Foto: Quelle – Peter Steffen/dpa
NDR Klassik Open Air, Maschpark Hannover, 25. August 2018
Wolfgang Amadeus Mozart, Don Giovanni
von Christian Schütte (onlinemerker.com)
Zum fünften Mal bereits wurde die imposante Kulisse des Neuen Rathauses in Hannover und des davor liegenden Maschparks zur Opernbühne. Nach jeweils zwei Mal Puccini und Verdi stand nun Don Giovanni auf dem Programm; zum ersten Mal leitete Andrew Manze, seit 2014 Chefdirigent der NDR Radiophilharmonie Hannover, die Aufführung. Wie bereits in den vergangenen Jahren kam für die einmalige Aufführung eine eindrucksvolle Schar international gefragter Solistinnen und Solisten nach Hannover, die diesem Don Giovanni nicht nur Glanz, sondern auch Größe verliehen. Das machte das größte Manko des Abends wett – bei zwar trockenem, aber doch sehr windig-frischem Wetter brauchte es von allen, Beteiligten wie den mehr als 40.000 Zuschauern, besonders viel Durchhaltevermögen.
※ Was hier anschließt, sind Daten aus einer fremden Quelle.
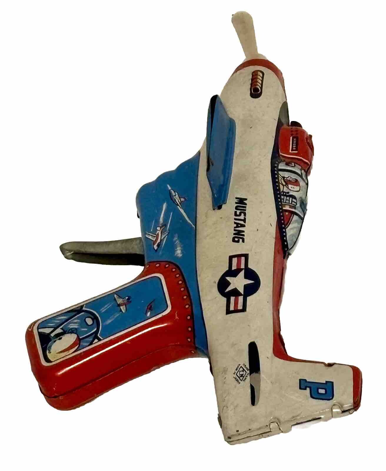 Vintage 60 s Tin Litho Friction US-P 51 Powered Trigger Plane T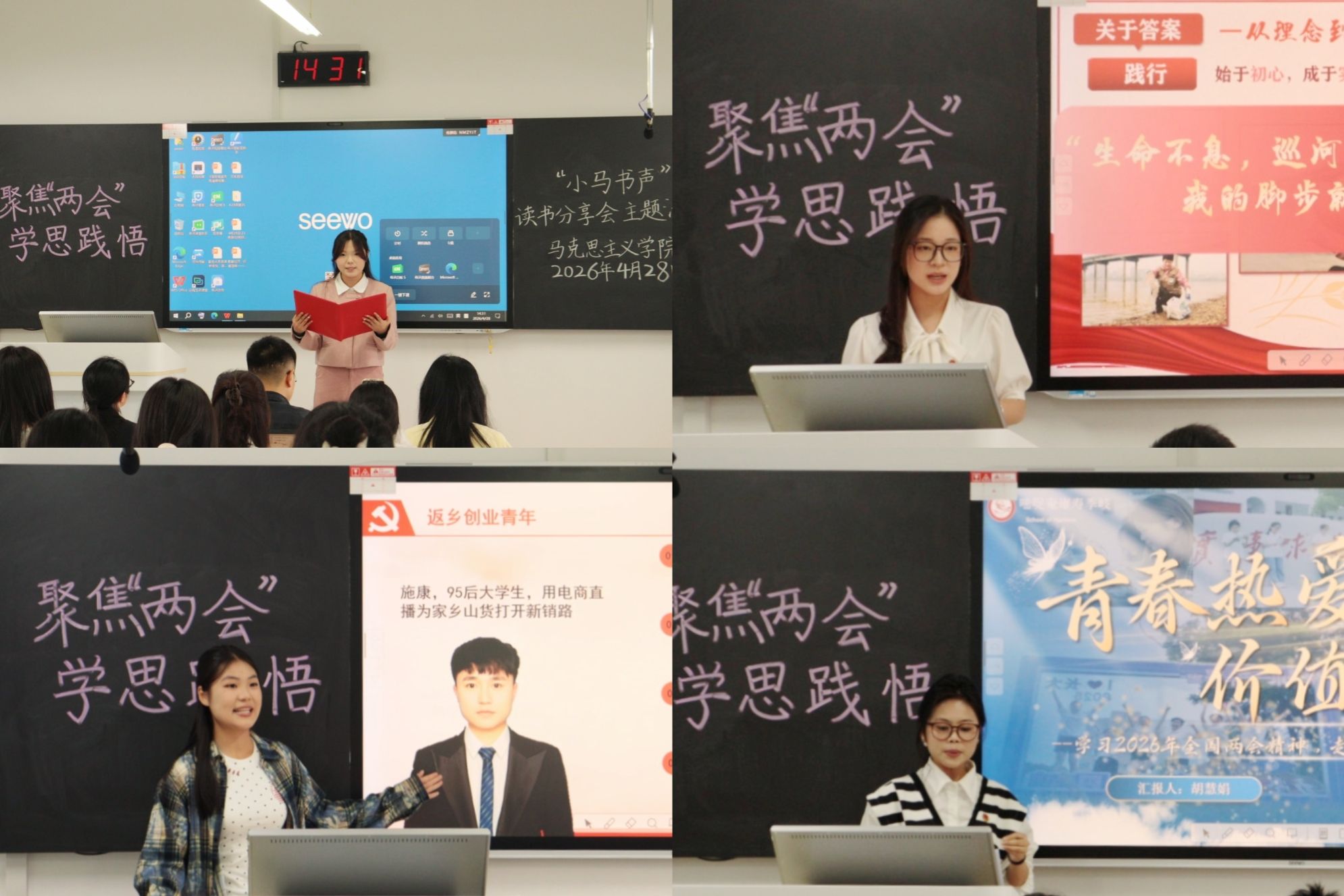 4月28日,长沙学院马克思主义学院以“聚焦两会,学思践悟”为主题的“小马书声”读书分享会决赛在第一综合楼4009举行。经过前期班级初赛和年级遴选,7组选手同台竞技,分享学习感悟,讲述两会故事。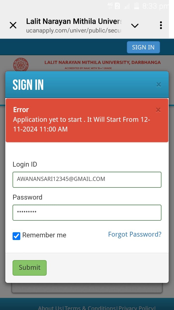 जिस ईमेल आईडी से अपने एडमिशन फॉर्म भरे थे, वही ईमेल आईडी आपको देना है, और पासवर्ड Admission लेते समय अपने यानी करते समय जो बनाए थे |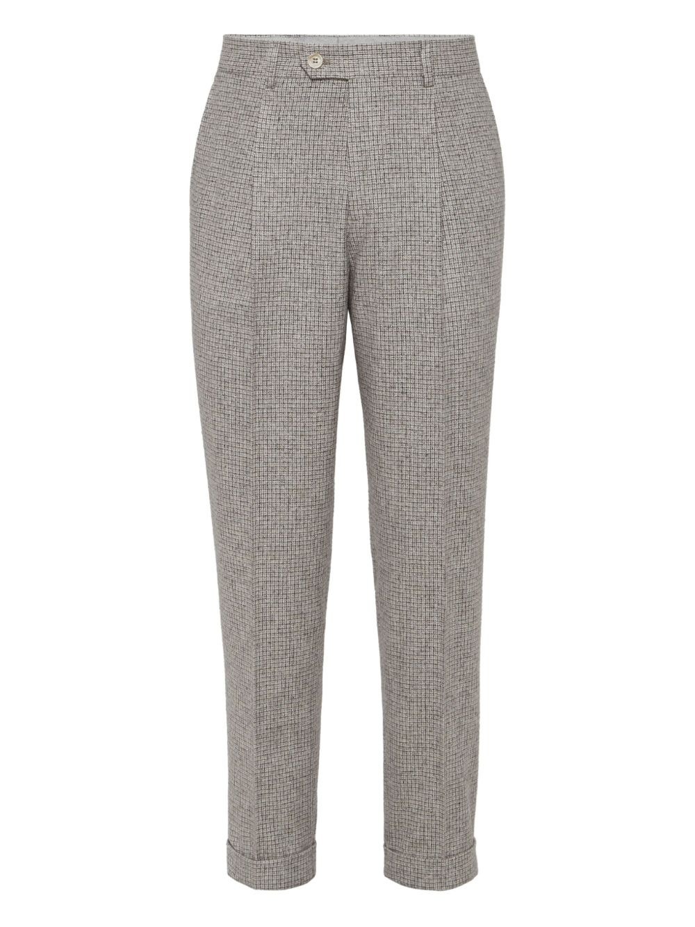 pleated-front check-pattern trousers Highlights - Brown - Check pattern - Pleated front - Button fastening - Turn-up hems Made in Italy Composition Silk 51%, Wool 47%, Fabric 2% Washing instructions Read Manufacturer Guidelines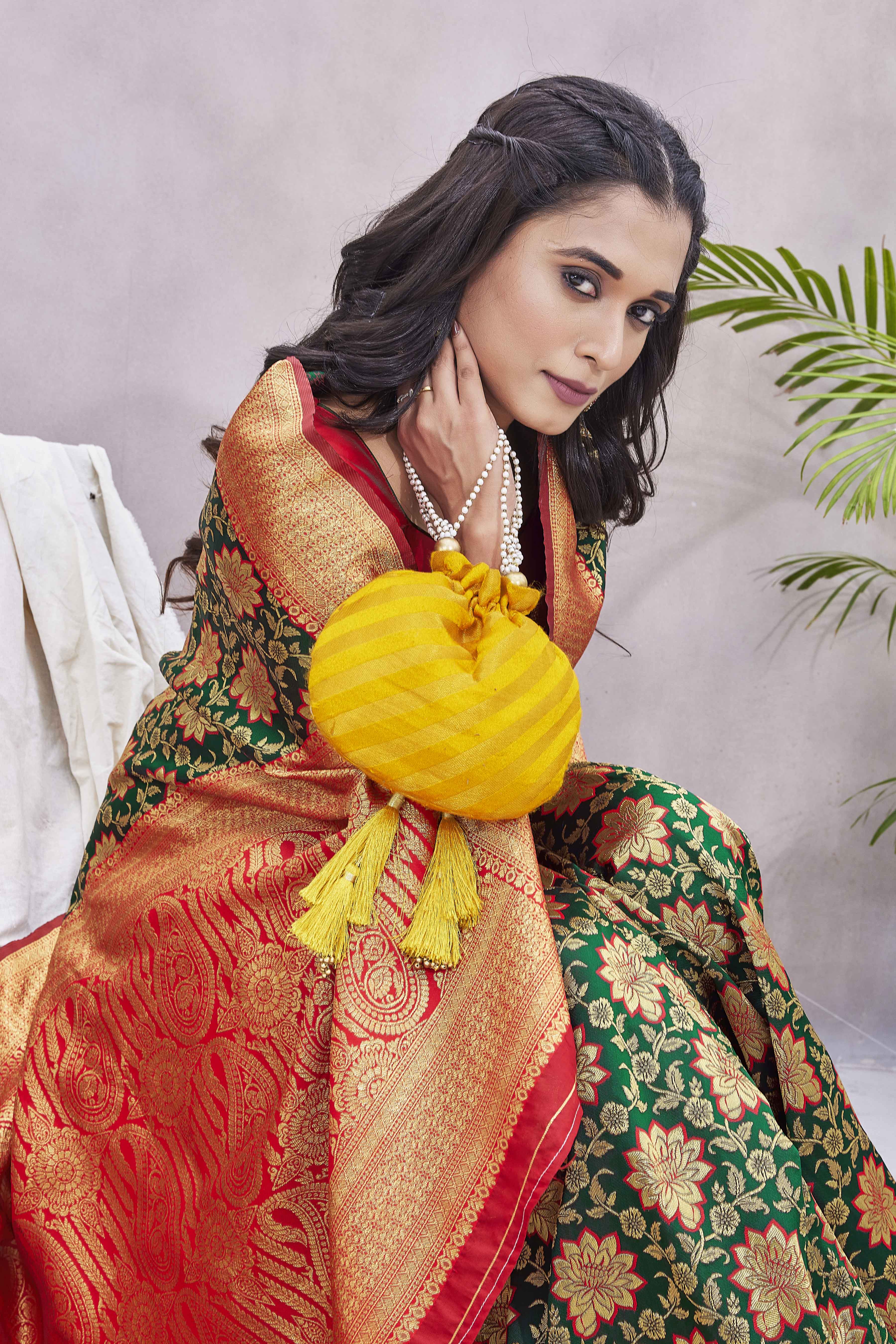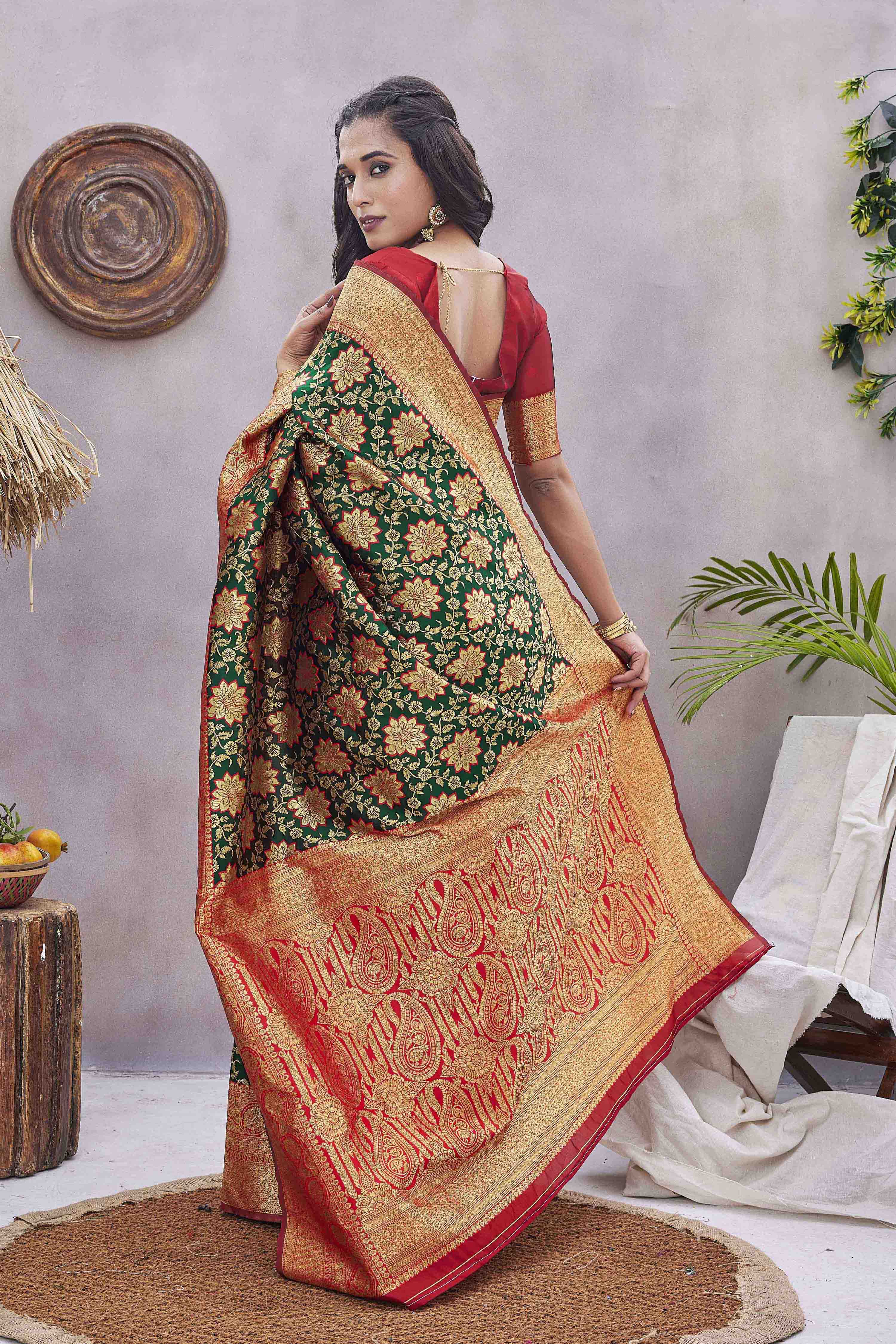 Floral Woven Design Zari Baluchari Saree - Ariya Prints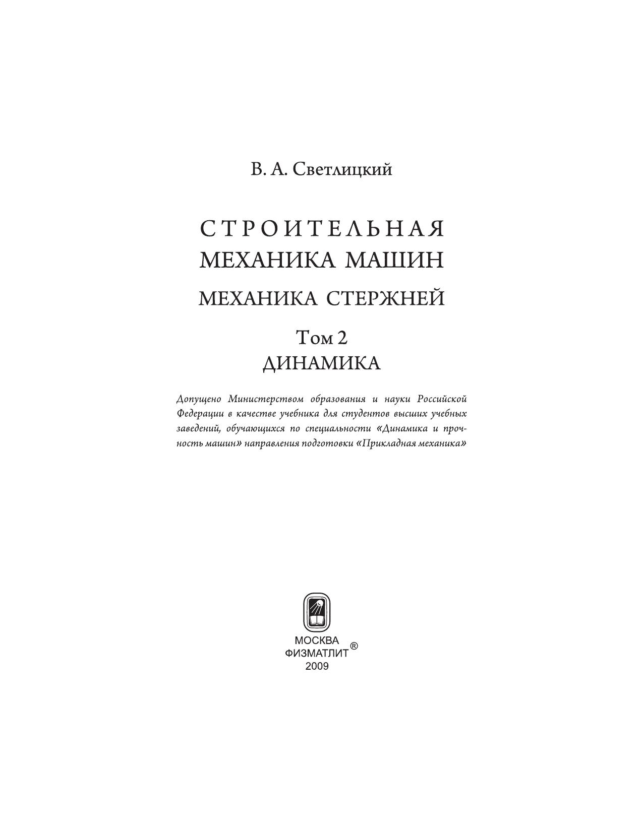 Гриф: Допущено Министерством образования и науки Российской Федерации в качестве учебника для студентов высших учебных заведений, обучающихся по специальности «Динамика и прочность машин» направления подготовки «Прикладная механика».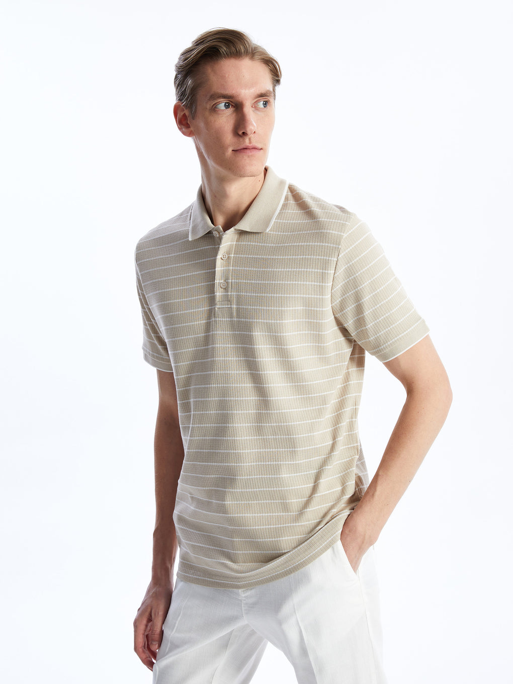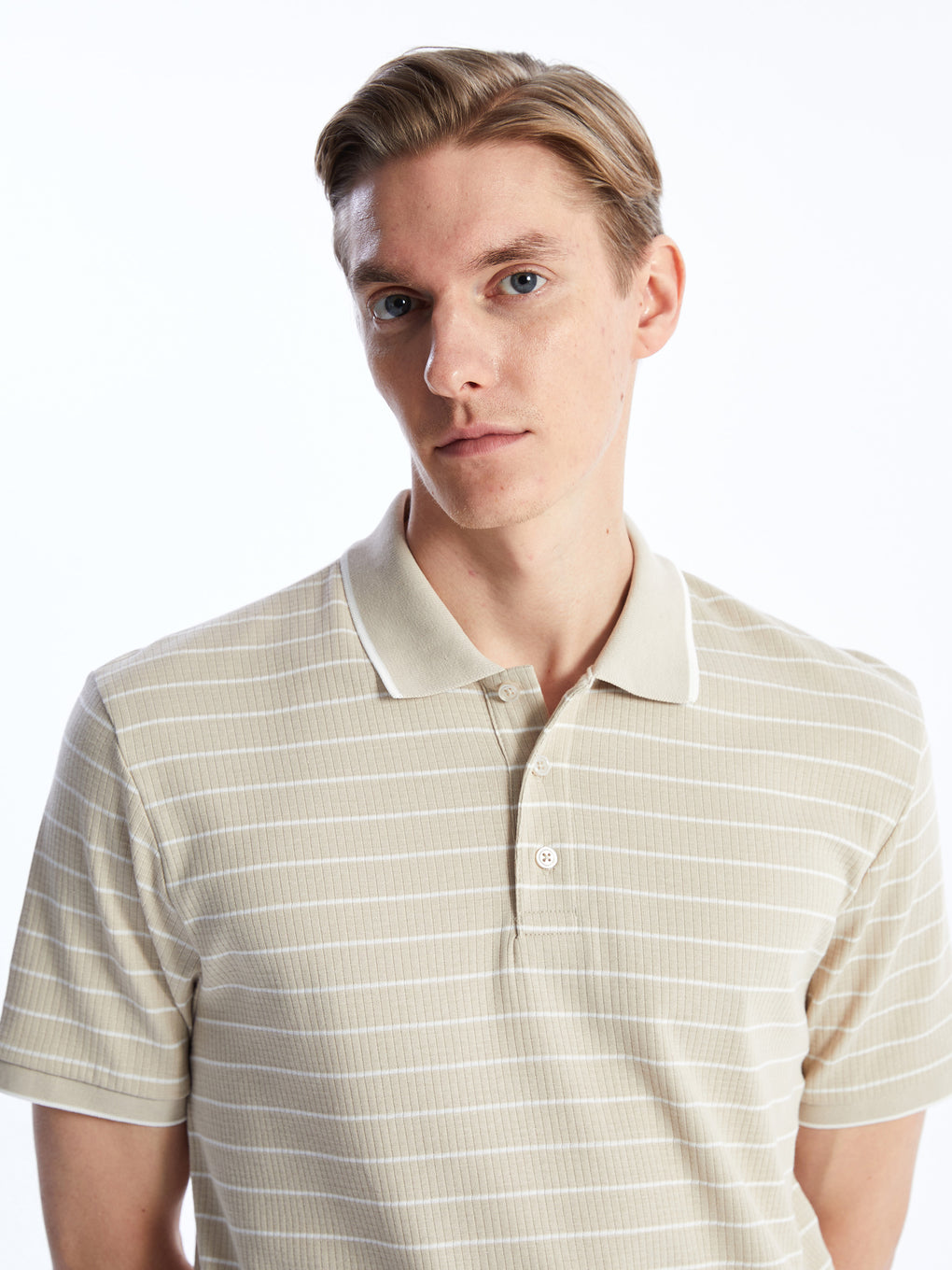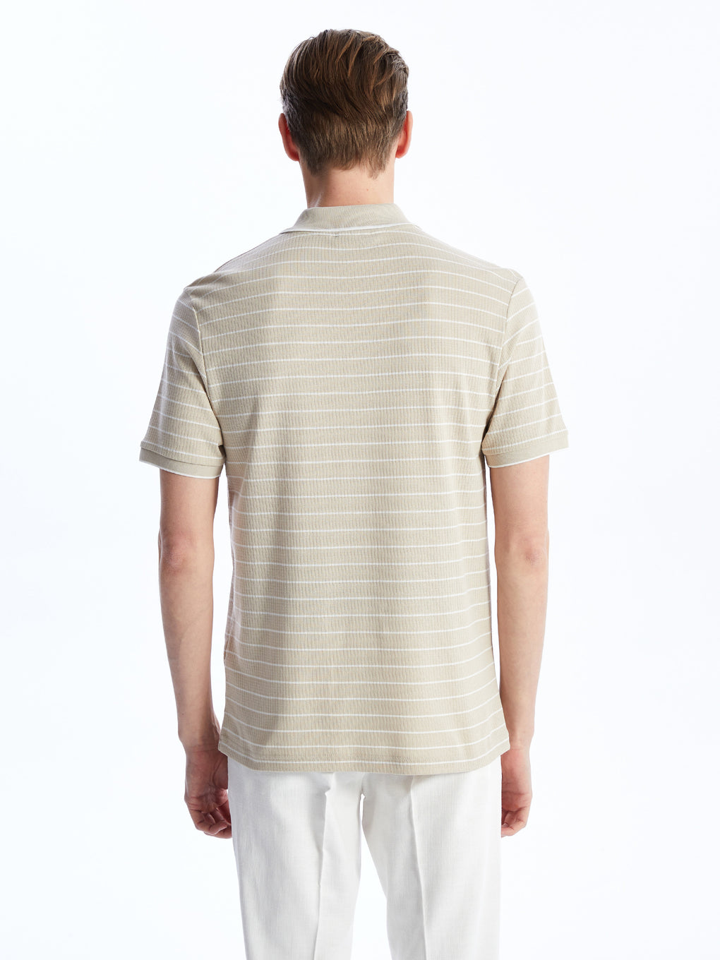 Polo Neck Short Sleeve Striped Men's T-Shirt

Der Bühnenaufbau über dem Maschteich bietet vor allem Platz für das Orchester, davor und drumherum ist szenische Aktion nur begrenzt möglich. Dennoch entstand eine Aufführung, die weit mehr war als nur „halbszenisch“ – denn nicht nur die Bühne, sondern das gesamte Ambiente, inklusive Zuschauertribüne, ist als Spielfläche nutzbar. Michael Valentin, der für die Inszenierung verantwortlich zeichnete, hat so zwar keine Möglichkeiten einer szenischen Interpretation, brachte die Geschichte aber doch mit wirkungsvoll-lebendigen Bildern zur Geltung, gekrönt durch eine durchaus eindrucksvoll gelungene Begegnung mit dem steinernen Gast am Ende; ausgesprochen stimmungsvoll gesetzte Lichtakzente waren dafür eine wunderbare Unterstützung.
Hauptakteur an diesem Abend blieben nichtsdestoweniger Mozart und seine Interpreten. Andrew Manze schlug mit der NDR Radiophilharmonie mit den ersten Akkorden der Ouvertüre einen sehr klaren, direkten Ton an, mit deutlicher Akzentuierung der dramatischen Höhepunkte; nicht zu straffe Tempi ließen nicht allzuviel Leichtigkeit aufkommen, aber es ist eben auch keine leichte, sondern eine abgründige Geschichte. Sein Orchester folgte Manze mit größter Aufmerksamkeit, die Begleitung der Solisten geriet stets ausgewogen. Auch wenn der Chefdirigent der Radiophilharmonie von sich sagt, er sein kein ausgewiesener Operndirigent – in der Tat ist er auf diesem Terrain bisher wenig in Erscheinung getreten – empfahl er sich mit diesem Abend doch nachdrücklich für weitere Aufgaben.
Es fällt schwer, unter den Solisten einzelne hervorzuheben, denn es war den ganzen Abend über nicht nur klangschöner, sondern stilsicherer und genau auf die dramatische Situation abgestimmter Gesang zu hören. Ludovic Tézier ist ein erfahrener Don Giovanni und mit seinem vollen und rund geführten Bariton eine Idealbesetzung; ihm zur Seite war Luca Pisaroni mit ebenso makellos geführtem Bassbariton kaum nur sein Diener, viel mehr sein Partner auf Augenhöhe. Malin Byström und Jennifer Holloway verkörperten die so unterschiedlichen Charaktere der Donna Anna und Donna Elvira, die doch am Ende vereint sind in ihrem Rachebedürfnis, absolut überzeugend; Malin Byström mit leicht dunklen Farben, anfangs introvertierter, am Ende verzweifelt ausbrechender, inniger Stimmführung als Anna; Jennifer Holloway als selbstbewusst-dramatische, leuchtende Elvira. Ebenso perfekt in der Stimmführung und mit idealer Mozart-Klangkultur wertete Paolo Fanale den Ottavio erheblich auf. Keck und selbstbewusst sang Cassandre Berthon die Zerlina, weniger als naives Mädchen, sondern auf direktem Weg in Richtung einer der Donnen – auch stimmlich. Krzysztof Bączyk als dunkel gefärbter Masetto und Michael Dries als kurzfristig für Christof Fischesser eingesprungener Komtur komplettierten das Ensemble. Das war sängerisch einfach durchweg ganz großes Format .
Der Schlussapplaus war dementsprechend begeistert, wenn auch recht kurz – weit nach Mitternacht und bei inzwischen doch empfindlich kühlen Temperaturen war das aber verständlich.